As for Cheryl, she was totally enamored of the life of a pastor's wife, and so we had ourselves a plan.  This plan was put into effect when we were married in the spring of 1974.  Going back to Alma College turned out to be a relatively easy matter of getting my grade point average up to 2.0 and demonstrating elsewhere that I had the ability to succeed as a student.  I enrolled in three courses at Montcalm Community College in Sydney, and enjoyed many a glorious morning in the summer of '74 roaring the forty miles to Sydney with the top down on the Spitfire.  I found the classwork easy and enjoyable, and racked up three "A's" in my three classes.  My grade point average breasted the tape at 2.1, and Alma College welcomed me home in September.  I asked Tracy Luke to be my faculty adviser and I began to mold an academic career in the likeness and image of his.

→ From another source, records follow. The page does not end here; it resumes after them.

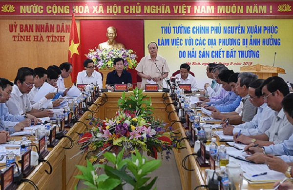 Thủ tướng đánh giá sự cố môi trường hiện tượng hải sản chết bất thường xảy ra thời gian qua tại các tỉnh Hà Tĩnh, Quảng Bình, Quảng Trị, Thừa Thiên - Huế là sự cố môi trường nghiêm trọng, bất thường, lần đầu tiên xảy ra ở nước ta trên vùng biển rộng, nên việc xác định nguyên nhân phải thực hiện khẩn trương, thận trọng, chắc chắn, có căn cứ khoa học.
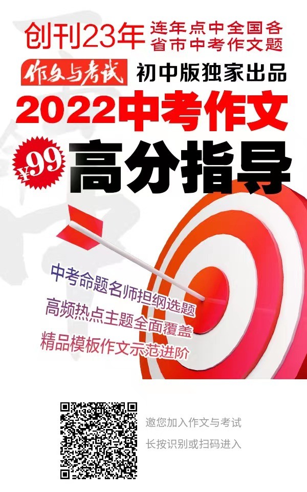 《2022年中考作文高分指导》隆重上市了!由中考命题名师担纲选题!50道高频热点主题全面覆盖!100篇精品模板作文示范进阶!由“中考点题金刊”——《作文与考试》初中版独家出品,助力你2022中考作文旗开得胜!
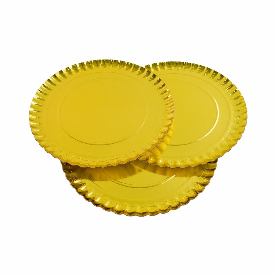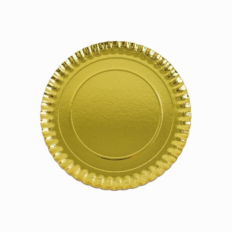Factory Custom Disposable Gold Paper Cake Plate for Parties for Cookies Sugar Snacks Candies Hamburgers Embossing Gold Foil

At church, I began working as Ross McDonald's paid assistant.  I remember hearing Jerry Falwell once refer to the ministry students at what was then Liberty Baptist College as his "little preacher boys," and while I found this remark distasteful, it aptly described what I was and what I did for Ross McDonald.  To be fair, I enjoyed it.  It was easy, and the more pastoral Ross, as my mentor in learning the Presbyterian ministry, proved to be a nice counterbalance to the acerbic, sarcastic and outspoken Tracy Luke, and I began to mold my professional life in the likeness and image of his.  I got the opportunity to preach, discovered I was quite good at it, and earned the respect that I had sought by doing all of this.  And I had a wife who was proud and pleased with the progress of her little preacher boy. 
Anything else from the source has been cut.